* TASK OBJECTIVE: Where the listing shows an image, skip it and output all other material unchanged.

* STORED DATA:
------------------------------------

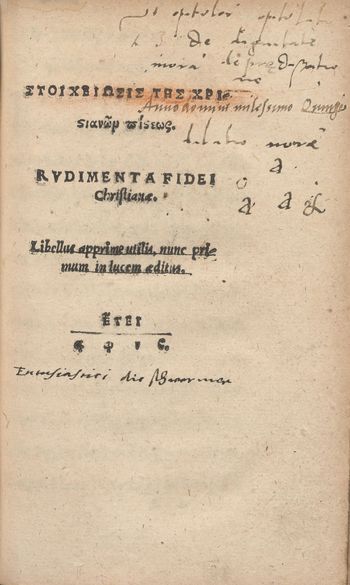 Druk wykazuje duże podobieństwo czcionki z "Euangelia, quibus diebus dominicis utitur ecclesia, Græce., Vratislauiæ. : Ex officina And. Vuingleri., M. D. XLIII.". [i.e. Wrocław, Ex officina Andreas Winkler, 1543].
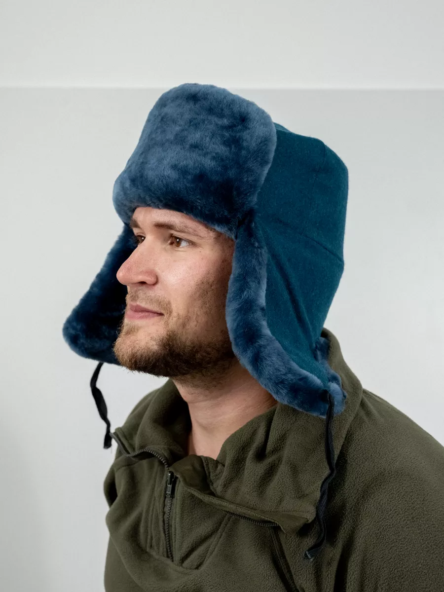 Шапка-ушанка из (сукно морская волна) МЧС, синий, овчина - интернет магазин Полигон
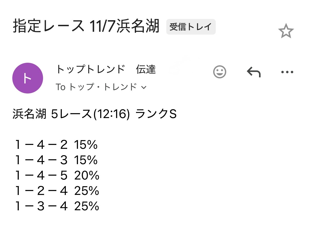 | Ⅱ「投資コース(東海)」 | 40,000円 | 当日の浜名湖、蒲郡、常滑、津 の情報を提供します |
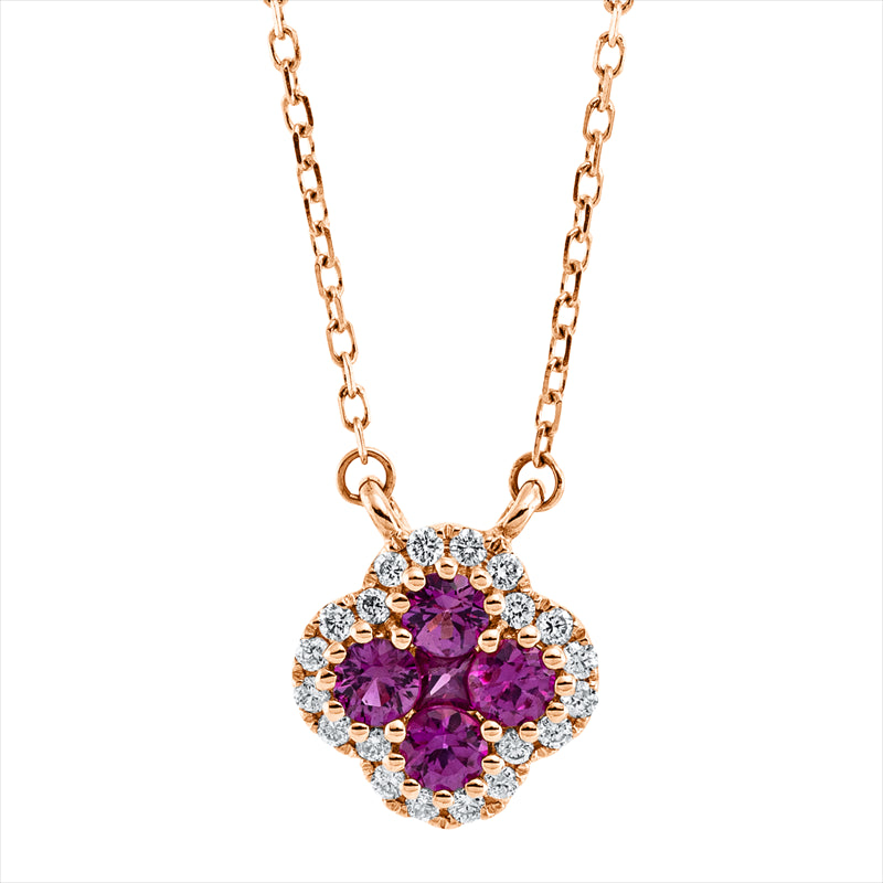 Collier 18 kt RG, mit ZÖ 40 cm, 20 Brill. 0,10 ct, TW-si, 5 Saphire 0,37 ct pink

------------------------------------

* OUTPUT OF THE EXERCISE:
 Druk wykazuje duże podobieństwo czcionki z "Euangelia, quibus diebus dominicis utitur ecclesia, Græce., Vratislauiæ. : Ex officina And. Vuingleri., M. D. XLIII.". [i.e. Wrocław, Ex officina Andreas Winkler, 1543].
 Шапка-ушанка из (сукно морская волна) МЧС, синий, овчина - интернет магазин Полигон
 | Ⅱ「投資コース(東海)」 | 40,000円 | 当日の浜名湖、蒲郡、常滑、津 の情報を提供します |
 Collier 18 kt RG, mit ZÖ 40 cm, 20 Brill. 0,10 ct, TW-si, 5 Saphire 0,37 ct pink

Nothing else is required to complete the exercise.